Are there cases in which it is meaningful to provide confidence intervals for such predictions? How can they be interpreted? And what are the assumptions in these cases?

unique2
  • 2,162
  • 2
  • 18
  • 23
  • Maybe do it from the empirical distribution, that is, bootstrap the sample a couple of times and then you can compare your sample value against the empirical distribution. – PascalVKooten Jan 20 '13 at 10:19
  • 2
    `confint()` will give profile likelihood intervals on model terms, but the OP wants a prediction interval. IIRC there is no distinction between confidence and prediction intervals in the GLM. – Gavin Simpson Jan 20 '13 at 11:47
  • But what does that give you that the standard errors quoted in `summary(mod)` doesn't? `predict.lm()` use the model to give values of response for values of the predictors. It can give prediction and confidence intervals. In a GLM, IIRC, these are the same thing. Hence what I show in the answer is how to do what `predict.lm()` does but for a GLM, based only on standard errors of predictions. – Gavin Simpson Jan 20 '13 at 12:43
  • @Arun note also that `confint.default()` assumes normality, which need not be the case for GLMS IIRC. The shape of the profile likelihood will be useful in determining whether normality is a reasonable assumption or not. – Gavin Simpson Jan 20 '13 at 12:46
  • @Arun Also, there is no reason to expect a confidence interval for a GLM to be symmetric on the response scale. The page you link to assumes this. It is quite easy to see that the approach used there could produce confidence intervals that do not meet the restrictions imposed by the response (namely 0-1 scale in Binomial, non-negative for Poisson etc). I do a similar thing to that post in my Answer, but I do the computations on the scale of the linear predictor and then transform them just as fitted values from the GLM are transformed via the inverse of the link function. – Gavin Simpson Jan 20 '13 at 13:01
  • I've posted exactly the same question on stats: http://stats.stackexchange.com/q/41074/5509 – Tomas Jan 26 '15 at 11:38

2 Answers2

91

The usual way is to compute a confidence interval on the scale of the linear predictor, where things will be more normal (Gaussian) and then apply the inverse of the link function to map the confidence interval from the linear predictor scale to the response scale.

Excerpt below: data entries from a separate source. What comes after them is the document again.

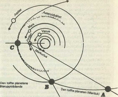 Att sätta likhetstecken mellan Den tolfte planeten och Jupiter är helt enkelt inte möjligt. I ”Skapelsens epos” står det klart och tydligt att Marduk var en inkräktare från den yttre rymden, att den passerade förbi de yttre planeterna innan den kolliderade med Tiamat. Sumererna kallade den NIBIRU (”genomkorsandets planet”), och den babyloniska versionen av skapelseberättelsen ger följande astronomiska fingervisning:
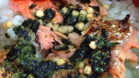 どうですか?本物の鮭の切り身を使った「鮭茶漬け」は。「魚の皮」があるところが美味しそうですよね?
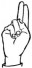На ћирилици написано МИЉЕНКО ГОЧАНИН састоји се из 14 слова [?]. Исписано ћириличном једноручном азбуком за глувонеме:
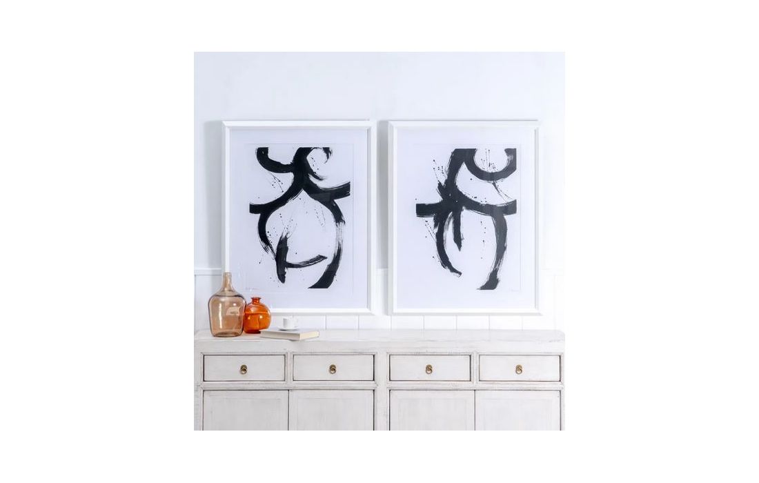 Conjunto de 2 quadros pintados à mão com moldura em madeira de ayous
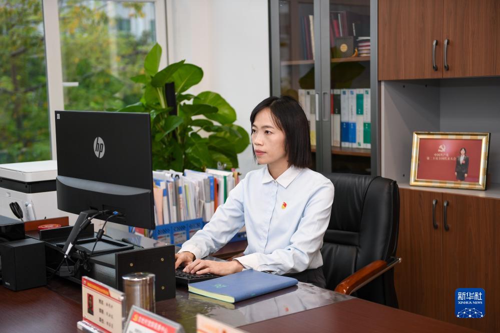 陸秀興在古灶村村委會(huì )的辦公室辦公(10月17日攝)。
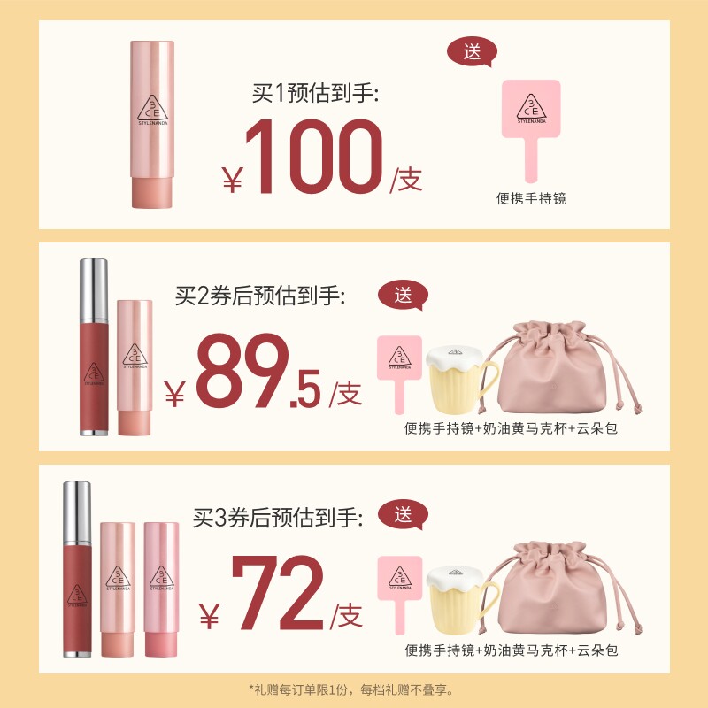 【直播间限时立减】3CE好气色润唇膏 裸色镜面唇釉口红滋润礼物 【售价】:¥300.00 【券后】:¥206.00 【优惠券】:¥94 推荐理由:拍3支原价357-立减57-商品券94-淘金币抵扣2-限时红包4-满200减25消费券到手每支58.33元!!! 👉复制这条信息打开【手机淘宝APP】即可领券购买:/

To do this you need two things;

  1. call predict() with type = "link", and
  2. call predict() with se.fit = TRUE.

The first produces predictions on the scale of the linear predictor, the second returns the standard errors of the predictions. In pseudo code

## foo <- mtcars[,c("mpg","vs")]; names(foo) <- c("x","y") ## Working example data
mod <- glm(y ~ x, data = foo, family = binomial)
preddata <- with(foo, data.frame(x = seq(min(x), max(x), length = 100)))
preds <- predict(mod, newdata = preddata, type = "link", se.fit = TRUE)

preds is then a list with components fit and se.fit.

The confidence interval on the linear predictor is then

critval <- 1.96 ## approx 95% CI
upr <- preds$fit + (critval * preds$se.fit)
lwr <- preds$fit - (critval * preds$se.fit)
fit <- preds$fit

critval is chosen from a t or z (normal) distribution as required (I forget exactly now which to use for which type of GLM and what the properties are) with the coverage required. The 1.96 is the value of the Gaussian distribution giving 95% coverage:

> qnorm(0.975) ## 0.975 as this is upper tail, 2.5% also in lower tail
[1] 1.959964

Now for fit, upr and lwr we need to apply the inverse of the link function to them.

fit2 <- mod$family$linkinv(fit)
upr2 <- mod$family$linkinv(upr)
lwr2 <- mod$family$linkinv(lwr)

Now you can plot all three and the data.

preddata$lwr <- lwr2 
preddata$upr <- upr2 
ggplot(data=foo, mapping=aes(x=x,y=y)) + geom_point() +         
   stat_smooth(method="glm", method.args=list(family=binomial)) + 
   geom_line(data=preddata, mapping=aes(x=x, y=upr), col="red") + 
   geom_line(data=preddata, mapping=aes(x=x, y=lwr), col="red") 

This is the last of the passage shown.